Co-founder of Geomagic, Inventor of Digital Shape Sampling and Processing (DSSP) Software
Master, Computer Science
Photo Credit: College of Business
Made in USA
(Adpated from the College of Business 2006 Summer Newsletter http://business.illinois.edu/publications/ANN/ANN.2006Summer.pdf)
As American industries depart for low wage nations, US business leaders wonder how they can keep factories
here open. One solution would be to pay equally low wages. Other observers think its time to write off
manufacturing and look elsewhere for job growth.
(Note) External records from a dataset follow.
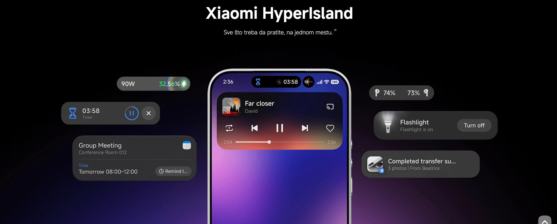 *Xiaomi HyperIsland je trenutno dostupan u odabranim aplikacijama. Dostupnost pojedinih funkcija i usluga može varirati u zavisnosti od verzije softvera, aplikacija, regiona i modela uređaja. Molimo vas da se oslonite na stvarnu upotrebu.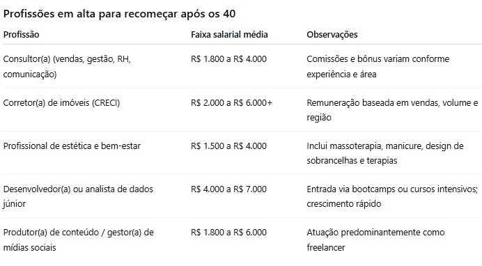 Algumas carreiras oferecem entrada rápida, flexibilidade e bons rendimentos, muitas vezes com atuação autônoma ou como prestador de serviços. Profissionais com experiência de vida e facilidade de relacionamento costumam se destacar nessas áreas.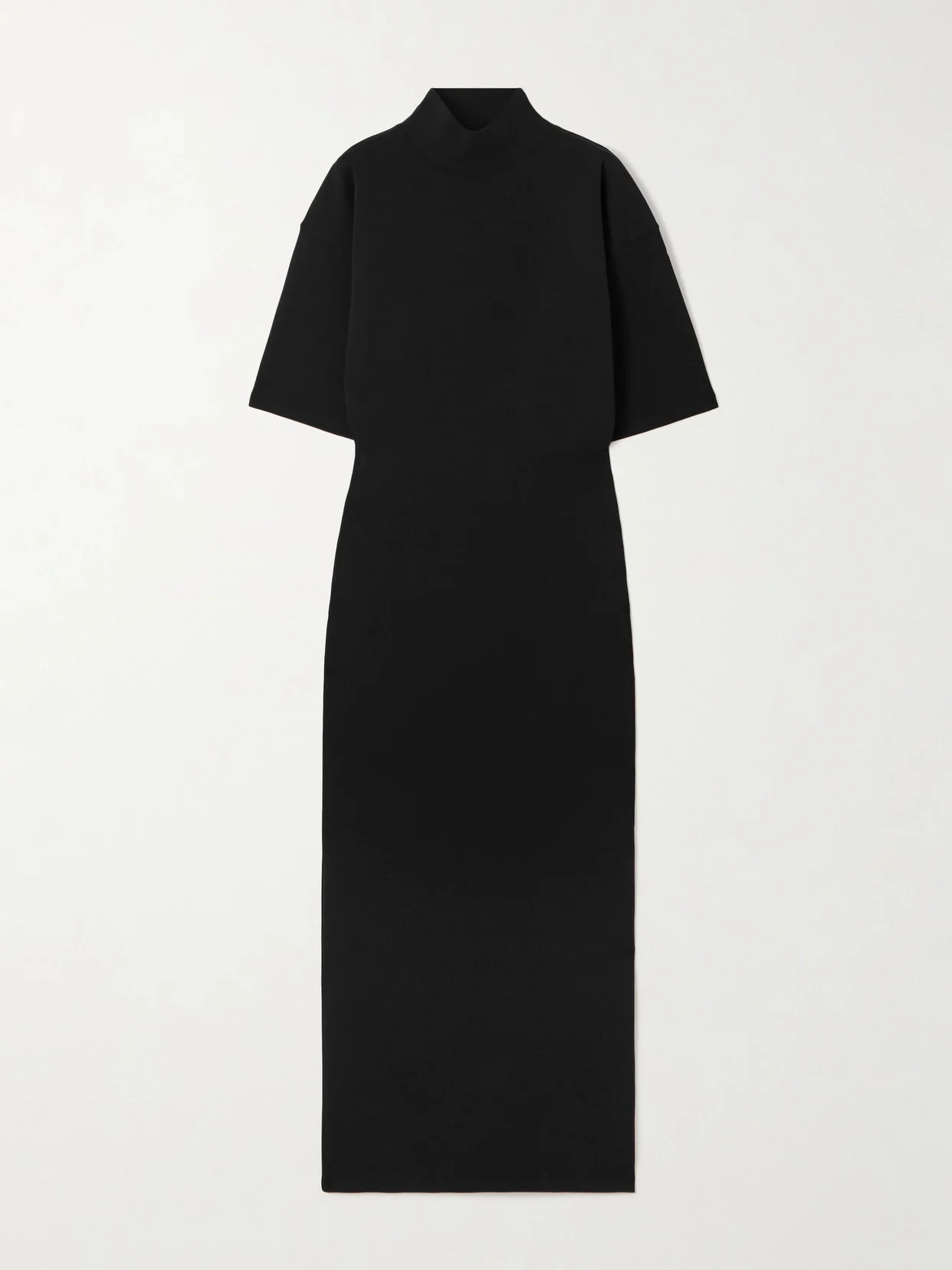Jean Paul Gaultier's dress riffs on T-shirt styles, but the sculptural, boxy sleeves make it feel that much cooler. Made from cotton-blend jersey, it nips in at the waist and is printed with the brand's logo at the back.

But entrepreneur Ping Fu thinks technology can save industrial America. And she adds the unthinkable: that
globalization may be a “passing phase.”
She has a bird’s-eye view of the technology that may turn the corner for American industries—
a three dimensional
manufacturing process called Digital Shape Sampling and Processing, or DSSP. She commercialized
this technology through Geomagic, the company she co-founded. Earlier this year, Inc. Magazine named Ping
Fu its entrepreneur of the year.
DSSP software allows manufacturers to scan an object with optical beams
and then transmit a three-dimensional image to a computer screen. From
there it can be used to manufacture parts identical to the original or to
quickly scan parts coming off a manufacturing line to make sure they
are true to the original. And it can do these functions cheaply and with a
minimum of human labor. When combined with computer-aided design
and computer-aided manufacturing, American manufacturers will be
able to operate their factories in a digital environment that makes factory
workers extremely productive.
But the critical advantage of DSSP is that it allows manufacturers to
cheaply create custom product - shoes, for example, that can exactly fit
our feet once a DSSP scan is made of them.
Ping Fu grew up in China, but was deported to the US in the early 1980s after
she was exiled by Chinese political authorities. Eventually, she found her
way into computer science and enrolled in a graduate program at Illinois,
where she conceived the idea that led to Geomagic. She refined her vision
with her husband and co-founder, Herbert Edelsbrunner, a young Illinois
faculty member and expert in algorithms and computational geometry.
While at Illinois, where she earned a MS in computer science, she also
teamed up with OSBI Consulting, now called Illinois Business Consulting
(IBC), a student-run program in the College that provides consulting
services to organizations of varying size. Staffed with MBA students as
well as graduate students from across the Urbana campus, IBC focuses on
projects that emphasize strategy, marketing, and finance.
The composition of IBC and its staffing illustrate one of the strengths of
a multifaceted institution like Illinois, where an entrepreneur or company
can turn to more than one college within the university to help capitalize
on bright ideas. Ping Fu praised the program and its then-director, Paul
Magelli. “Paul was an inspiration. He was always encouraging, he made
many fund-raising connections, and he lined up MBA students to help
“Ingenuity is purported to be a fundamental characteristic of entrepreneurs,”
said Paul Magelli about Fu and Edelsbrunner’s solution of the
complex mathematical problem that is the competitive advantage behind
Geomagic’s success. “That solution lead to her being named Inc’s Entrepreneur
of the Year.”
Today, both China and the US emphasize mass production, but the system
is bound up in layers of expense that balloon the cost of manufactured
goods. As items roll off the assembly lines, they go to warehouses and then
to stores. To encourage sales, billions of dollars are spent on advertising.
Shipping adds additional costs. If a product never sells, the manufacturer
eats all the costs.
In the custom economy, we would order what we want from nearby
manufacturers that would ship the product to us. The costly middle steps
would be eliminated. Some companies already use variations on that theme.
Dell Computer, for example, builds custom computers that customers order
over the Internet, eliminating unsold inventory.
“DSSP technology combines craftsmanship with mass production,” said
Fu. “It allows companies to produce customized products people will love.
It reduces costs because business would not be producing products that
no one wants, and business would not be spending billions of dollars on
advertising, supply chains, and inventory.”
She points out that DSSP can help manufacturing firms make custom-made
products that are cheaper than mass-produced products. For example, if
shoes made in the US cost $10 in labor and the same shoes made in China
costs $2 in labor, the footwear made in China is not necessarily cheaper
once shipping and inventory expenses are included in the final cost.
“In the short term, DSSP is being used in high-value, high-volume industries
such as medical device and aerospace design,” Fu said. “In the long term, this
is the second industrial revolution. We live in a 3D world, and this technology
will fundamentally change the way we make, market, and use products.”